And being disappointed.
The air rushes from my lungs at the empty doorstep. Beside the door, a bouquet of helium balloons bob on the string tied to a weight wrapped in metallic purple paper. Next to the weight sits a rectangle box wrapped to match—a gift. On top lays a card.
I check behind me to make sure the girls haven’t followed me to the door before I bend down to retrieve the card. Unaddressed and unsealed. I scan the street before me, but there’s nobody there. No one strolls down the sidewalk, no unknown cars park along the side of the road.
The hairs stand up on my neck. Only one person could be responsible for this, and that raises the question of how did he know where I lived?
This is becoming too much.
What am I supposed to do here? The curious part of me wants to rip it all open and find out what’s inside. But the cautious mother in me thinks no way in hell a stranger will give my daughter a birthday gift without me knowing what it is first. Because let’s be honest; Law is a stranger. I might have known him all those years ago, but he’s not the same person he used to be.
Yet another part of me screams louder than the rest, “This is Law!”
Law. The boy who held my hand at my dad’s funeral and then begged his parents to let me sleep over so I didn’t have to feel alone.
The boy who’s shoulder I cried on when I got sad, and who didn’t tease me for being a baby, even if I was being one.
The boy who stole my first kiss without my permission, because he knew, even if I was stubborn and wouldn’t admit it, that I wanted him to.
The boy who proudly made me a necklace for my fifteenth birthday, because he knew I’d appreciate something he made much more than something he’d bought with his parent’s money.
The boy who’d taken on driving my brother to chemo as soon as he’d got his license, because I had to work after school to make money for my family.
And the boy who’d looked for me after I’d disappeared. Who, to this day, couldn’t hide the pain and rage of having to do so and coming up empty-handed. Who, I was fairly certain, hated every ounce of me and yet, still dropped a gift for my baby on my doorstep.

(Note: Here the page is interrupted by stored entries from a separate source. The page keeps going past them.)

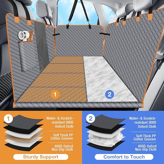 - 【No More Pets Falling】The back seat cover for dog features sturdy bottom board, which is strong enough to support your dog with dog safety seat belt to prevent your pet from sliding during drive.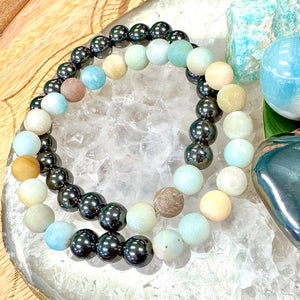 Magnetic Hematite & Matte Amazonite ✨ Law of 3 Matching Gemstone Couples Unity & Love 8mm Stretch Distance Bracelets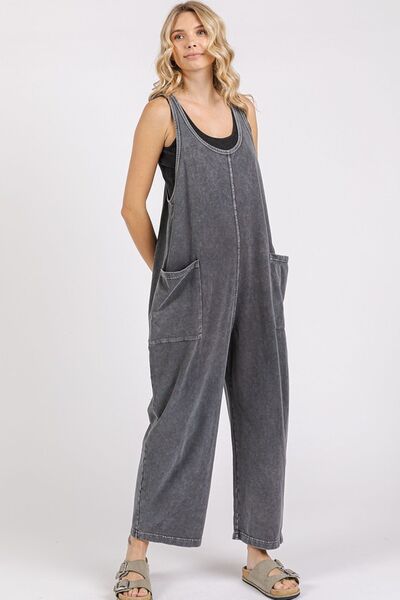 Mittoshop Ruffle Trim Pocket Mineral Wash Wide Leg Pants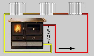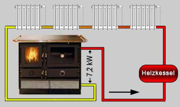 • Die an Wasser bzw. Luft abgegebene Wärme hängt stark von den Bedinungen vor Ort ab: Temperatur-Differenz Vorlauf-Rücklauf, verfeuerte Brennstoffmenge pro Stunde, Einstellung des Zugreglers (langer Abgasweg um die Backröhre = mehr Wärmeabgabe in den Raum, oder kurzer Abgasweg = weniger Wärmeabgabe in den Raum, etc.)

Lawrence Briggs is a lot of things, most of them I don’t even know anymore. Too much time has passed. But he’s not cruel or malicious. He’d never leave something at my house that would endanger my daughter. To the bottom of my soul, I believe that.
With that thought, I scan the inside of the card, confirming my suspicions when I note his signature. I ignore the way my heart picks up at his familiar handwriting and gather the rest of the items from the porch. The door shuts behind me with a soft thud. Two sets of curious, yet guilty, eyes follow me from the foyer down the hall to the living room while helium balloons bounce off my head.
“Hey, snoops.” I level them both with a glare of motherly disapproval. “You’ve got another gift, Ev.”
“Who’s it from?” Suspicion laces her tone, but a gleam of excitement lights her eyes.
I both hate and love Law for putting it there.
No, not love. That word is too heavy for anything I could allow myself to feel for that man. Appreciate describes my feelings more accurately.
I let a smile stretch my lips, even though they burn to frown instead. “An old friend.” Kiersten’s glare sears into the back of my head.
Evelyn cocks her head and reaches out her hands. “I thought you didn’t have any friends.”
I hand her the gift box and card and deposit the balloons beside the couch. “I have your Aunt Kiersten. She’s my friend.”
“I meant other friends.”
She isn’t wrong, and I want to curse Law for putting me in that position.
“I have Nathan.”
“He’s your work partner.”
I cross my arms over my chest in affront. “He’s also my friend.”
Her gaze fills to the brim with opposition, but she holds a retort.
“It’s been a long time since I’ve seen this friend. He came through town, and we ran into each other.”
“So why would he get me a gift?” She reads the card, so I use her distraction to think of a response that makes sense. I fall unfortunately empty, and I hate lying to my girl.